**What to work on**
Each line below should be repeated exactly, but no picture should be carried over.

Information provided: Begin

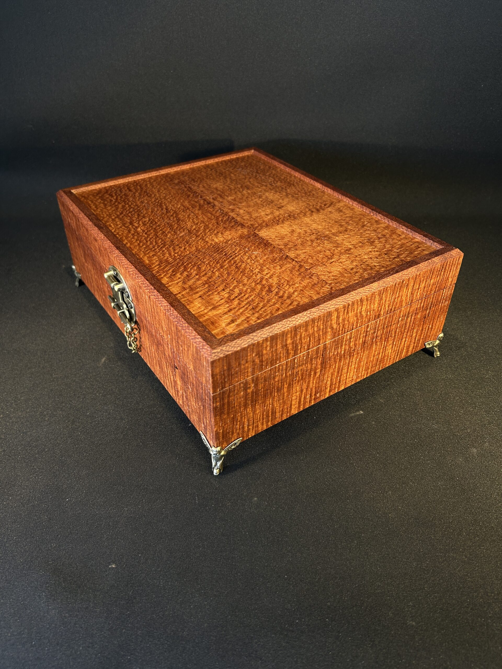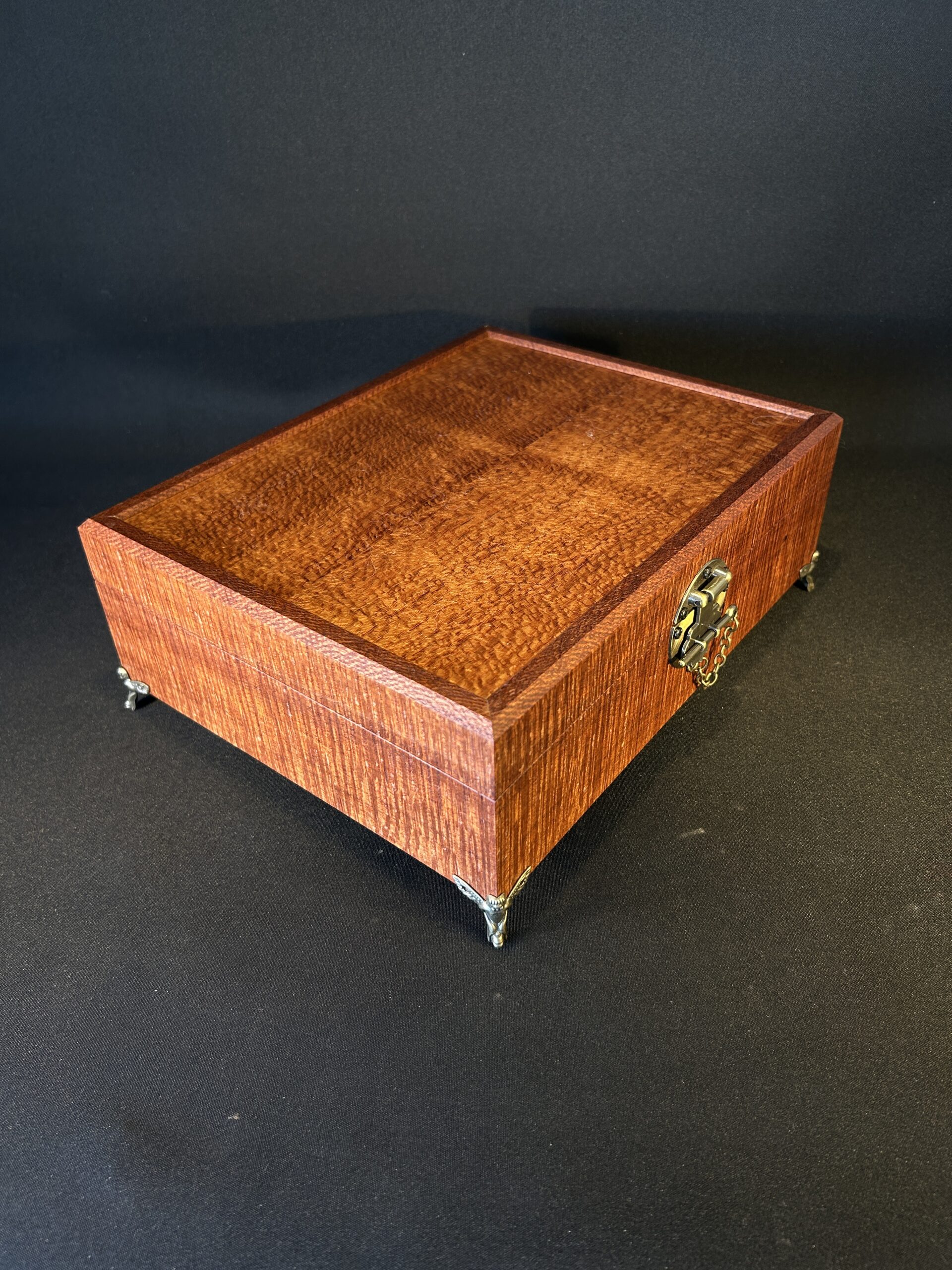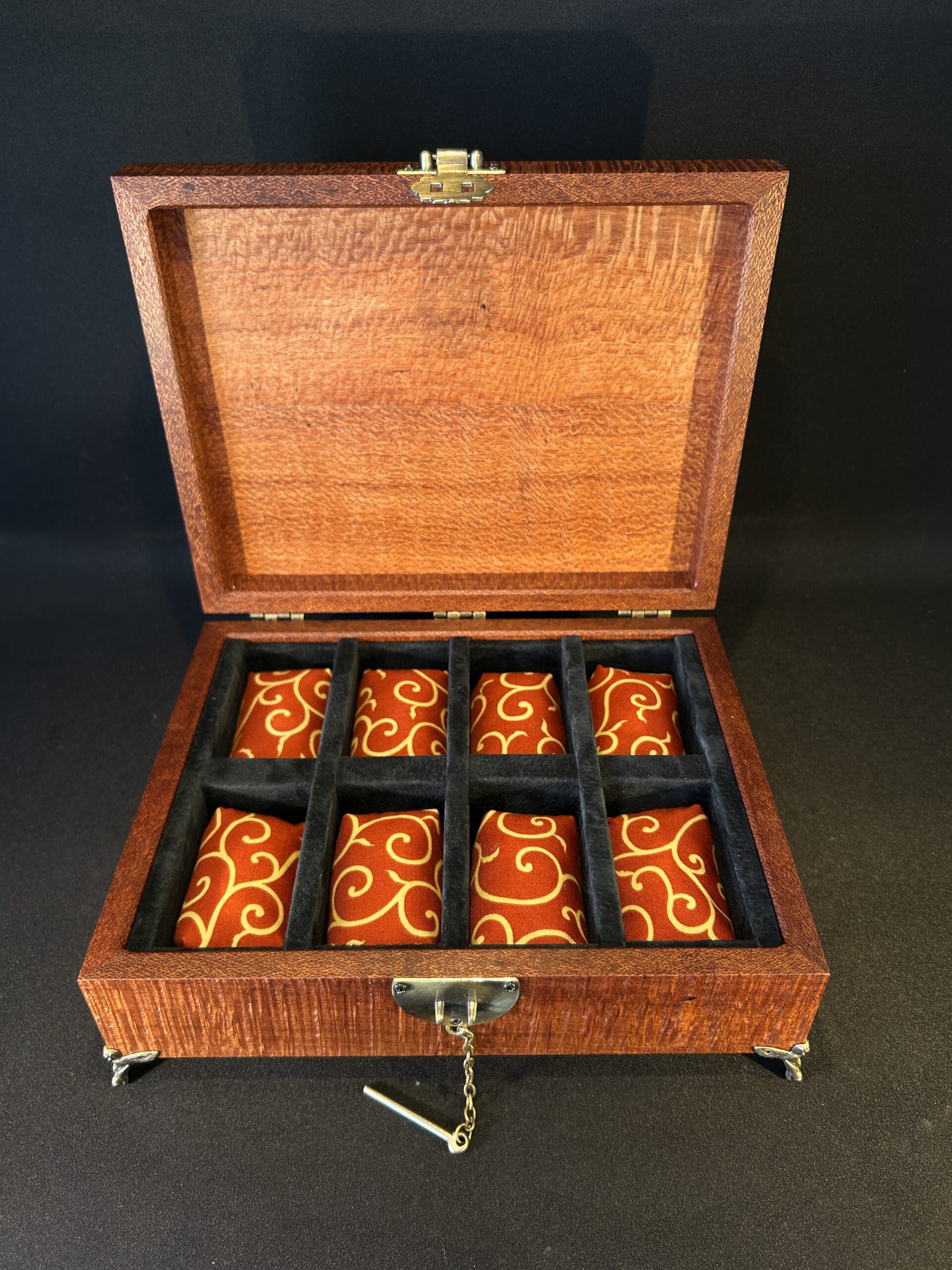 Beefwood when quarter sawn produces some of the loveliest grain patterns of all timbers and this one is a stunning example. This box for 8 watches is a luxury item with a touch of the Orient to add a little mystery. The Black leather linings and vibrant soft Red pillows form a bold statement when the lid is opened. Ideal for all size watches with each bay 85mm x 53mm with ample height for even the thickest watch cases. The beefwood is finished with Constantia Organic Finishes oils and waxes.
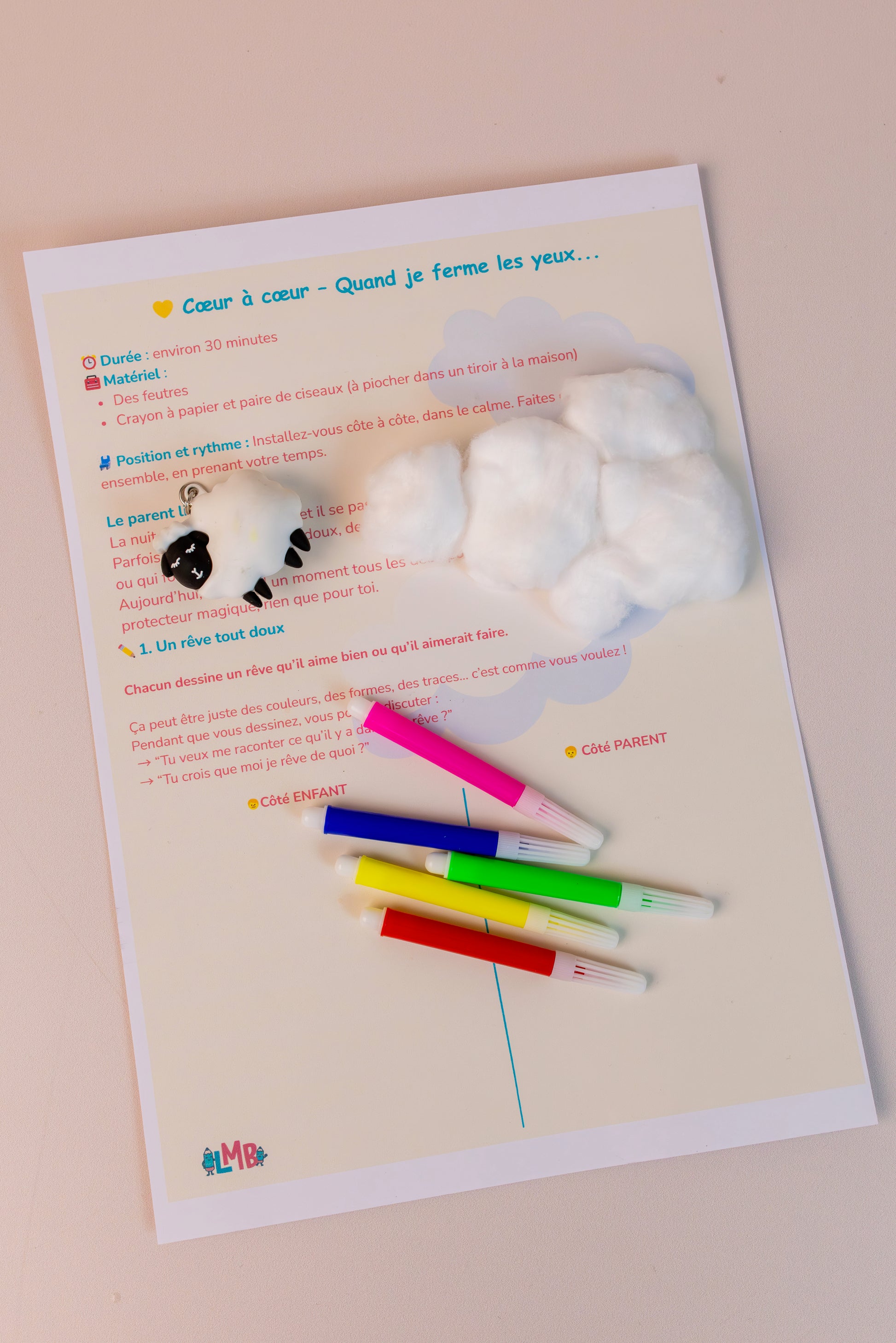 - Une activité cœur à cœur "Quand je ferme les yeux...", un moment de discussion et de partage d'émotions à deux.
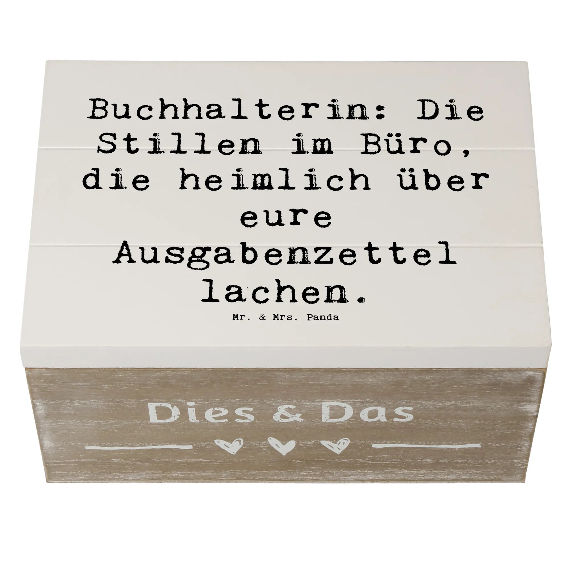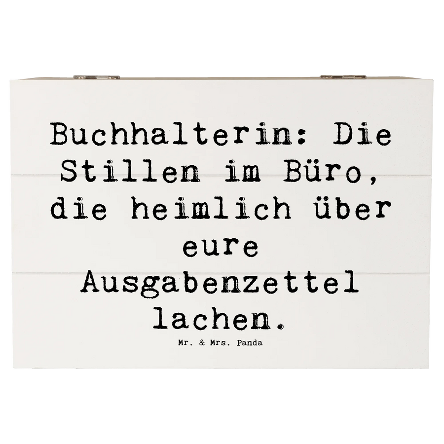 Die wunderschöne Holzkiste von Mr. & Mrs. Panda ist das perfekte Geschenk für alle Buchhalterinnen! Diese Erinnerungsbox ist nicht nur praktisch, sondern auch ein echter Hingucker. Mit dem liebevoll gestalteten Spruch "Buchhalterin: Die Stillen im Büro, die heimlich über eure Ausgabenzettel lachen" bringt die Kiste ein Lächeln in den Büroalltag.

Information provided: End

**Exercise result**
 Beefwood when quarter sawn produces some of the loveliest grain patterns of all timbers and this one is a stunning example. This box for 8 watches is a luxury item with a touch of the Orient to add a little mystery. The Black leather linings and vibrant soft Red pillows form a bold statement when the lid is opened. Ideal for all size watches with each bay 85mm x 53mm with ample height for even the thickest watch cases. The beefwood is finished with Constantia Organic Finishes oils and waxes.
 - Une activité cœur à cœur "Quand je ferme les yeux...", un moment de discussion et de partage d'émotions à deux.
 Die wunderschöne Holzkiste von Mr. & Mrs. Panda ist das perfekte Geschenk für alle Buchhalterinnen! Diese Erinnerungsbox ist nicht nur praktisch, sondern auch ein echter Hingucker. Mit dem liebevoll gestalteten Spruch "Buchhalterin: Die Stillen im Büro, die heimlich über eure Ausgabenzettel lachen" bringt die Kiste ein Lächeln in den Büroalltag.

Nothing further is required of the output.